SpannerOptions.Builder builder = SpannerOptions.newBuilder();
builder.setEmulatorHost(...);

  import org.apache.beam.sdk.io.gcp.spanner.SpannerConfig;
...
...
SpannerConfig config = SpannerConfig.create();
config = config.withEmulatorHost(...);

The sample program 'SpannerEmulatorPopulator' creates a dataflow pipeline with the apache beam library. This program demonstrates both import and export. They can be toggled by using the command line arguments:

runExport=<true/false>

runImport=<true/false>


To get the sample running, first gcloud should be configured.
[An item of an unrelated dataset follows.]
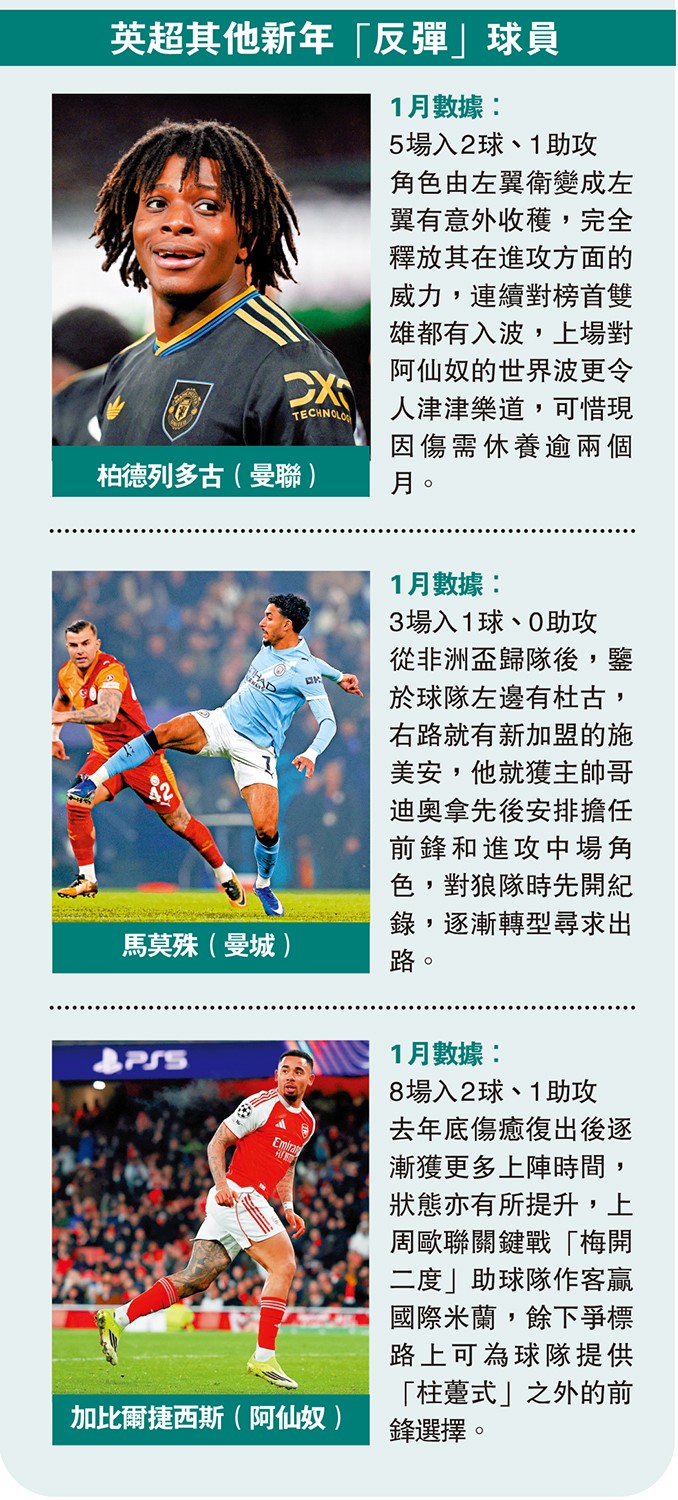 去年底傷癒復出後逐漸獲更多上陣時間,狀態亦有所提升,上周歐聯關鍵戰「梅開二度」助球隊作客贏國際米蘭,餘下爭標路上可為球隊提供「柱躉式」之外的前鋒選擇。

  gcloud config configurations create emulator-config
gcloud config set auth/disable_credentials true
gcloud config set project test-project
gcloud config set api_endpoint_overrides/spanner http://localhost:9020/
gcloud config configurations activate emulator

Next, the emulator should be started. Port 9010 (default port) will be used in this case:

  gcloud emulators spanner start

Optionally request logging can be turned on with "-log_requests". The port can be changed with "-grpc_port=<port>". 
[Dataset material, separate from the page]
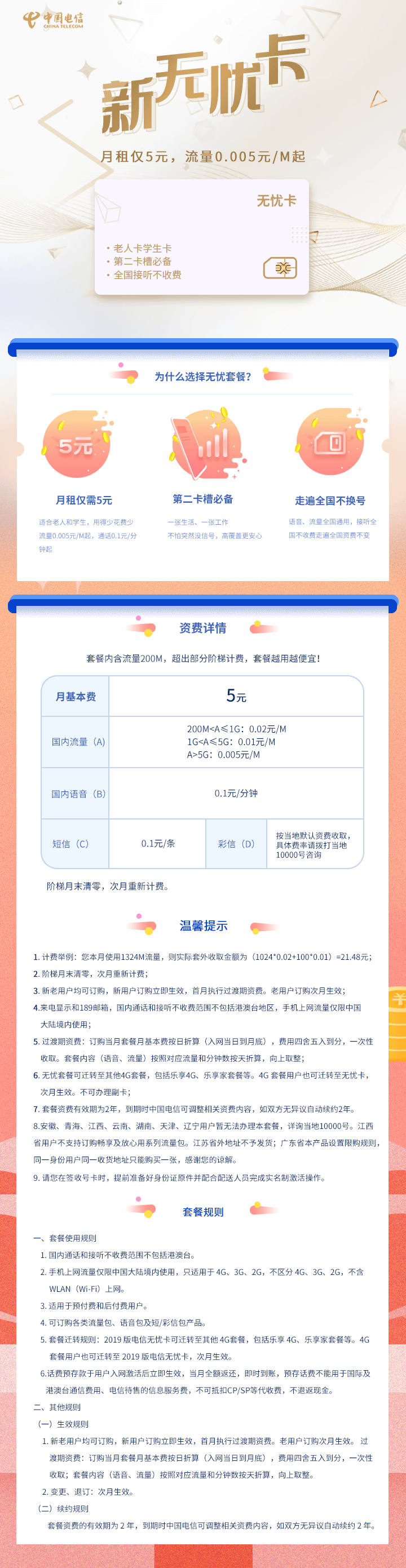 免费限量申请,随时停办全国可用不限速直接在文中申请二维码下单申请即可无语音功能,可以收发短信,正规卡,可登录电信手厅app查询套餐。办理要求【1】16-60岁用户可办理、超出无法办理。归属地号码随机不可选、支持异地注销,10000资费可查. 4G 5G手机都可以正常使用。【2】无需照片申请,提供收货信息,收...

After the emulator has started, you will need to create an instance that will be used.

  gcloud spanner instances create test-instance --config=emulator-config --description="Test Instance" --nodes=1

The sample program can now be run with a command like the following:

  mvn compile exec:java -Dexec.mainClass=com.google.spanner.SpannerEmulatorPopulator -Dexec.args="--projectId=test-project --endpoint=http://localhost:9010 --instanceId=test-instance --createDatabase=true --runImport=true --runExport=false --csvImportFile=test.csv --table=users --numRecords=10000 --numWorkers=1 --maxNumWorkers=1 --runner=DirectRunner"
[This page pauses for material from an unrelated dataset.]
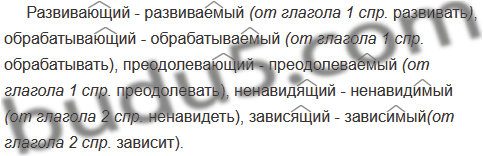 Развивающий, обрабатывающий, преодолевающий, ненавидящий, зависящий.

Since the emulator only runs locally, the runner must be set to 'DirectRunner'.


Data can be loaded from a CSV file using something like the following code:

  private static List<List<String>> readCsvFile(String file, int numColumns) throws IOException {
    Path path = FileSystems.getDefault().getPath("./", file);
    Reader reader = Files.newBufferedReader(path);
    CSVParser parser = new CSVParser(reader, CSVFormat.DEFAULT);
    List<CSVRecord> records = parser.getRecords();

    List<List<String>> entries = new ArrayList<>();
    for (CSVRecord record : records) {
      List<String> row = new ArrayList<>();
      for (int i = 0; i < numColumns; ++i) {
        row.add(record.get(i));
      }   
      entries.add(row);
    }   
    return entries;
  }

Once the data from the CSV file has been read, we can create a list of mutations that will add those rows to the database.


We can now verify that the data has been successfully entered into the database using gcloud:

  gcloud spanner databases execute-sql db-inbound --instance=test-instance --sql="SELECT * FROM users WHERE Key=1"

One caveat to note is that the emulator does not have the same concurrency model as production Spanner. The emulator serializes all transactions and my return transaction abort errors when transactions are trying to execute in parallel. To account for this, we set the dataflow worker count to 1 when using the emulator. In addition, some sets of PCollections may need to be flattened into a single PCollection.

The emulator can be used for quickly testing Cloud Spanner dataflow pipelines offline. This sample demonstrates how to setup a basic pipeline with the emulator.

The emulator supports all languages of the client libraries. You can also use the emulator with the gcloud command-line tool and REST APIs. The emulator is also available as an open source project in GitHub.